Surplus Perdagangan Naik tapi Rupiah Tertekan, Risiko Global Masih Mengintai

4 hours ago 1

Di tengah kenaikan surplus perdagangan Indonesia secara tahunan, nilai tukar rupiah justru mengalami tekanan. (ilustrasi)

REPUBLIKA.CO.ID, JAKARTA -- Di tengah kenaikan surplus perdagangan Indonesia secara tahunan, nilai tukar rupiah justru mengalami tekanan.

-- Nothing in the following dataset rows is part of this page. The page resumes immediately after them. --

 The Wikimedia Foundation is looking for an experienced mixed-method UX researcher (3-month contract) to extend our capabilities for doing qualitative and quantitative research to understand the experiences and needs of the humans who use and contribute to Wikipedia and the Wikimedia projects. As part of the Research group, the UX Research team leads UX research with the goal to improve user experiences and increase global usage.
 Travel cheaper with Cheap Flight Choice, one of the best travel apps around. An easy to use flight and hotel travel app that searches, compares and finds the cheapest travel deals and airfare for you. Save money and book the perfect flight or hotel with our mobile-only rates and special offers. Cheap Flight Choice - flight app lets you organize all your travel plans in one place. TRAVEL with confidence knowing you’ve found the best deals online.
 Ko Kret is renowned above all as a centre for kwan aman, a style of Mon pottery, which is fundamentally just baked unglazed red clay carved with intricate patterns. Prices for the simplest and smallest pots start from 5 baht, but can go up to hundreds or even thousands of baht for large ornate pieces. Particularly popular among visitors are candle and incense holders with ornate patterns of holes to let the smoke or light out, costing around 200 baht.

Chief Economist PT Bank Negara Indonesia (Persero) Tbk (BNI), Leo Putera Rinaldy, mengungkap risiko nilai tukar menjadi salah satu tantangan utama yang perlu diwaspadai ke depan, terutama di tengah kondisi global yang masih diliputi ketidakpastian.

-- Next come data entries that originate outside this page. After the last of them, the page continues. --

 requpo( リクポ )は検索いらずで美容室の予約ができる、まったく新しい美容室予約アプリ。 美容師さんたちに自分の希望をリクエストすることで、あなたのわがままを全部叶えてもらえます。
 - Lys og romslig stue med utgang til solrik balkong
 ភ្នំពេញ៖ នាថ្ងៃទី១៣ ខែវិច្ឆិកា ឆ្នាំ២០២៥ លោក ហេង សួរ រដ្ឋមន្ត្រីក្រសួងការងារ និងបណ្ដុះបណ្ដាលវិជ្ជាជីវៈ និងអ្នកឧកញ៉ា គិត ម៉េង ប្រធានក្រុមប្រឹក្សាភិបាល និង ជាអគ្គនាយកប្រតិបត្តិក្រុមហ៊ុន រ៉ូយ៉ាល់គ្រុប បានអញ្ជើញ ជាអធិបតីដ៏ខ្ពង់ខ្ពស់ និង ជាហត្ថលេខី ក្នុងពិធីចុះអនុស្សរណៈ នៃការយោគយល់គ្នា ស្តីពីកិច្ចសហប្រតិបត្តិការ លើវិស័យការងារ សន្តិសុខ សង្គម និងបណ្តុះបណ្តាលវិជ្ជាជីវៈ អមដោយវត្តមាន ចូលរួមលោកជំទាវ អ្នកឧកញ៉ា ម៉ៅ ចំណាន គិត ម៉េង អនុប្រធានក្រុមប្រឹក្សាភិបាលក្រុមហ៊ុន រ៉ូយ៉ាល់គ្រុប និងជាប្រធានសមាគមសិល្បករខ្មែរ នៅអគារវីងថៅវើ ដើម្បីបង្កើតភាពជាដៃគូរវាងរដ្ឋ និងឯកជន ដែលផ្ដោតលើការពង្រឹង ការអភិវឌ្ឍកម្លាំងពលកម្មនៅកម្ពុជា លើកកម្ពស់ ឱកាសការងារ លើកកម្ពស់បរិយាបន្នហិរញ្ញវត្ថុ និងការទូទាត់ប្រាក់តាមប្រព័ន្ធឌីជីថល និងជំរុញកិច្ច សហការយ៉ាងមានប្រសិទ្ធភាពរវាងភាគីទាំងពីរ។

“Risiko yang perlu kita pantau ke depannya adalah currency risk, karena kondisi global masih memiliki volatility, uncertainty, complexity, dan ambiguity yang tinggi,” ujar Leo saat temu media bertajuk “BNI Economic Perspective: Navigating Shifts, Building Resilience”, di Jakarta, Jumat (24/10/2025) lalu.

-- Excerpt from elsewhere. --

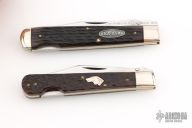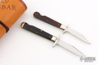 These vintage Swing Guard Lockbacks from Ka-Bar and Union Cutlery Company feature mirror polished clip point blades with nail nicks. The handle is comprised of stainless steel locking swing guard, nickel silver bolsters and pommel with jigged bone scales over brass liners and stainless steel back spring. The large knife is 8.25" overall and the smaller knife is 7.625" overall. Both are in excellent condition. Comes with a leather Ka-Bar knife roll.

Ia menjelaskan tekanan terhadap rupiah bukan berasal dari neraca transaksi berjalan, yang justru membaik, melainkan dari sisi neraca keuangan. Menurut Leo, financial account balance yang sebelumnya surplus kini berbalik menjadi defisit, dipicu oleh arus keluar dana asing dari pasar portofolio.

Net foreign outflow di portofolio itu sudah mencapai 9 miliar dolar AS. Jadi meskipun surplus perdagangan naik, tekanan terhadap rupiah tetap terjadi karena sisi finansialnya defisit,” jelasnya.

Selain itu, aliran investasi langsung asing (foreign direct investment / FDI) juga belum menunjukkan peningkatan signifikan. Leo menyoroti situasi global saat ini sangat dipengaruhi oleh faktor geopolitik, termasuk pemilu serentak di lebih dari 60 negara sepanjang 2024, yang menciptakan masa transisi politik di berbagai belahan dunia.

“Wajar saja kalau geopolitical risk itu tiba-tiba naik. Tapi biasanya masa transisi ini berlangsung sekitar satu tahun, jadi kita melihatnya mungkin akan ada equilibrium baru pada tahun depan,” katanya.

Leo menekankan meskipun tekanan terhadap rupiah bersifat eksternal, dampaknya terhadap stabilitas ekonomi domestik tetap perlu dimitigasi. Ia menyarankan agar pelaku pasar dan pembuat kebijakan lebih fokus memantau dinamika nilai tukar sebagai indikator utama dalam menghadapi ketidakpastian global.